Subject shippers' approval. Like the previous restriction, this is also a "condition precedent" which can cause the fixture to fail to be binding if the shippers do not accept the ship to load the cargo. Again, also like the previous restriction, this can require a third party's approval before a charter between the owner and the charterer becomes binding.

 

Straight bill of lading.  This is defined in the United States Pomerene Bills of Lading Act 1916, section 2 of which states that such a bill of lading is “A bill in which it is stated that the goods are consigned to a specified person . . .“.

Subject to . . . Many other examples can be cited of the use of "subjects" and both owners and charterers and their middlemen, the shipbrokers, do have considerable imagination to invent and introduce new situations which are meant to influence the enforceability of a time charter or a voyage charter.

SSW. This is an abbreviation for "Summer Salt Water" and refers to the draught of the ship when it is loaded to its summer load line in salt water, that is, in the open sea. The summer draught is the maximum draught to which the ship can be loaded depending on the "freeboards" and "loadlines" assigned to it by the assigning authorities.

 

Subject to strike and lockout clause. In a similar manner to "subject to dry-docking clause", this qualification indicates that the parties are in agreement to all the terms provided one party accepts the wording of a clause setting out the rights and responsibilities of the parties should the event mentioned take place.

Spot market. When a shipowner or vessel operator wishes to use the vessel for tramping services, on voyage charters only, he is said to offer his ship on the spot market.

Stability. The stability of a ship is the tendency she possesses to return to her original position after she has heeled because of external forces. The stability of a ship mainly depends upon the metacentric height.

 

Salvage costs. This expression includes all expenses properly incurred by the salvor in the performance of the salvage services.

 

Shippers’ associations.  This is a group of shippers that consolidates or distributes freight on a non-profit basis for the members of the group in order to secure volume rates or service contracts (U.S. Shipping Act 1984).

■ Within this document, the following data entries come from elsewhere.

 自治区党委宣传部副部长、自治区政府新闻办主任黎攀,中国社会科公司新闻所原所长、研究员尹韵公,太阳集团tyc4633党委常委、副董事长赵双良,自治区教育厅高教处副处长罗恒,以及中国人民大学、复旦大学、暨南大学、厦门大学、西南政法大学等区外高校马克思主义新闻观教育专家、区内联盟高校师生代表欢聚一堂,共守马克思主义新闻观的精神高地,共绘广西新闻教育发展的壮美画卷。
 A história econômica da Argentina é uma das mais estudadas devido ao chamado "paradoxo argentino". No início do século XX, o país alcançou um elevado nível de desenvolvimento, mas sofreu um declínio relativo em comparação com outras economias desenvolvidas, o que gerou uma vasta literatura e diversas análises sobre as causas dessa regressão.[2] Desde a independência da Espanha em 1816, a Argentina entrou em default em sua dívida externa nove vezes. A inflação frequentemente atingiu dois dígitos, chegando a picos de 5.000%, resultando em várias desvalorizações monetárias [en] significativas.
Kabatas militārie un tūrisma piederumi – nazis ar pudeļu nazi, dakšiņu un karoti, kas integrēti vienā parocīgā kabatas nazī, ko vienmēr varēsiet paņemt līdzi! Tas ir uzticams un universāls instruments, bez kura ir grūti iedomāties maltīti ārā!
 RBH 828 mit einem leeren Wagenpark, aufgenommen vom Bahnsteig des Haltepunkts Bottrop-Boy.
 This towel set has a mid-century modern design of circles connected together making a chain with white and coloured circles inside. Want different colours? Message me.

Sheer. The sheer of a vessel is the longitudinal curvature of the deck from the lowest point on deck amidships. The average sheer of a general cargo vessel is about 1 per cent of the ship’s length. The sheer may increase the vessel’s reserve buoyancy. Sheer features in the assignment of load lines.

 

Switched bills of lading. A country may not have diplomatic relations with another country but traders in one or the other may wish to have goods transported between these countries.

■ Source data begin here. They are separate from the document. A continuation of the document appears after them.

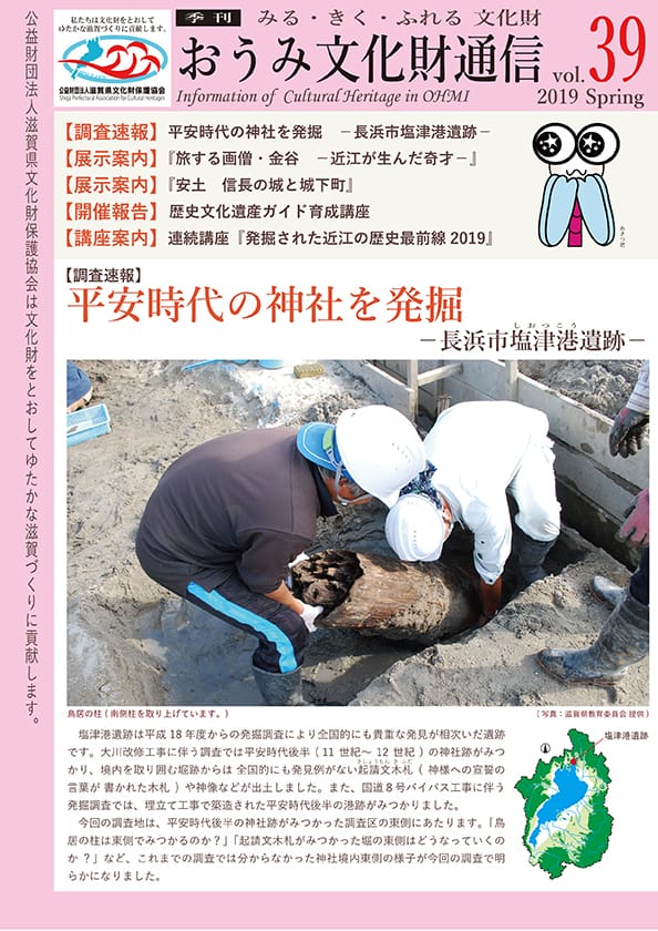刊行物 TOP › 刊行物 › おうみ文化財通信 › おうみ文化財通信 vol.39 2019 Spring おうみ文化財通信 vol.39 2019 Spring 平成31年4月1日刊行 【調査速報】平安時代の神社を発掘-長浜市塩津港遺跡- 【展示案内】『旅する画僧・金谷-近江が生んだ奇才-』 【展示案内】『安土 信長の城と城下町』 【開催報告】歴史文化遺産ガイド育成講座 【講座案内】連続講座『発掘された近江の歴史最前線2019』
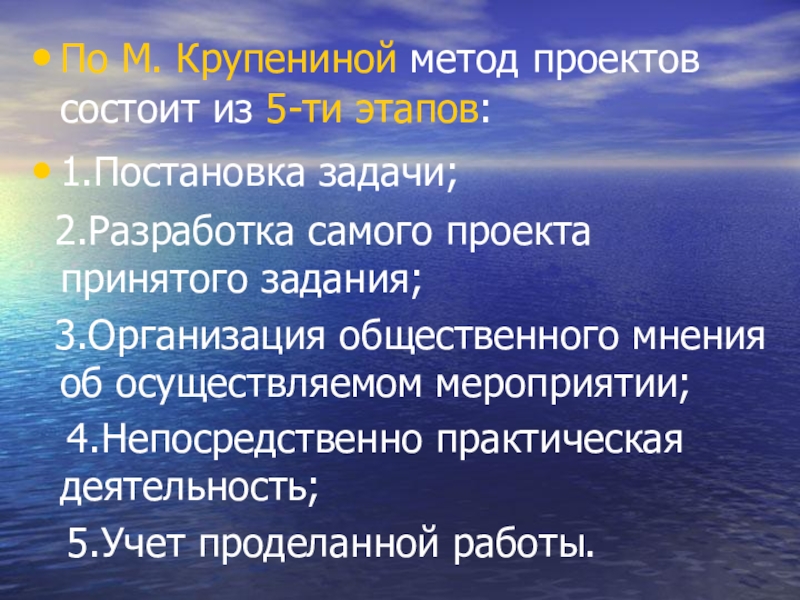 Слайд 10По М. Крупениной метод проектов состоит из 5-ти этапов: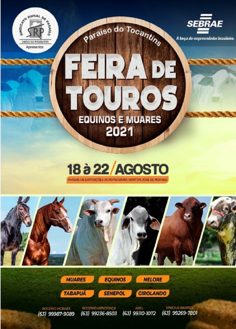 Com o objetivo de reposicionar o pequeno produtor no mercado, o Sindicato Rural de Paraíso do Tocantins (SRP) promove de 18 a 22 de agosto, a Feira de Touros, Equinos e Muares de 2021. O evento será realizado no Parque de Exposições Agropecuárias Newton Moraes, setor aeroporto, das 8h às 18h, onde serão apresentadas estrelas das raças nelore, tabapuã, senepol e girolando. O Sebrae estará presente, com atendimento, orientações e oferecendo soluções para o segmento do agronegócio.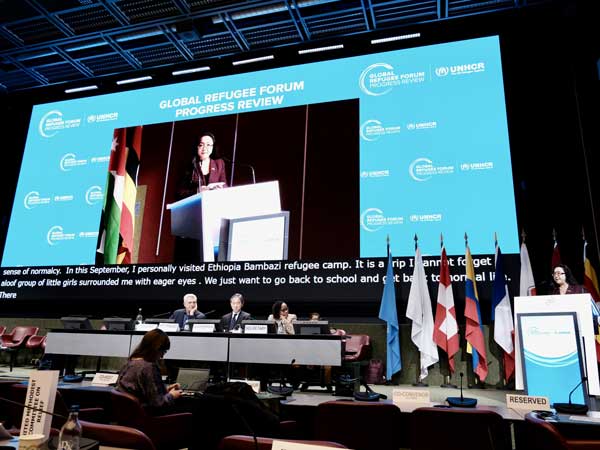 安踏集团副总裁李玲在全球难民论坛中期回顾上发言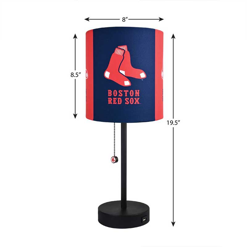 Brighten up your desk, side table, nightstand, you name it, this Boston Red Sox lamp with USB docking station is sure to fit in. Pull chain switch with Red Sox logo offers an easy on and off function. Charge up your phone or tablet close by to where you are reading or working with the built in charging station.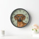 Destei's original cartoon illustration of a cute Rhodesian Ridgeback breed dog's head. The background colour is green with a decorative texture. The texture can be removed and the background colour can be changed to any other colour, if so wished. The hours are marked with numbers. The hours and minutes are shown with a dotted clock face.
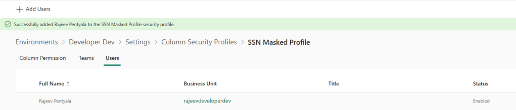 By default, users will only see the masked value of a field. Now, let’s look at how to grant permission to read the actual value of a masked field.

Seasonal ports. Ports which are only accessible to ocean shipping during part of the year, such as ports in the St. Lawrence and in the White Sea, are called seasonal ports. Because of ice, these ports and their approaches are closed for navigation between December and spring.

 

Shipper. In the U.S. Shipping Act 1984 the “shipper” was defined as: “an owner or person for whose account the ocean transportation is provided or the person to whom delivery is to be made.”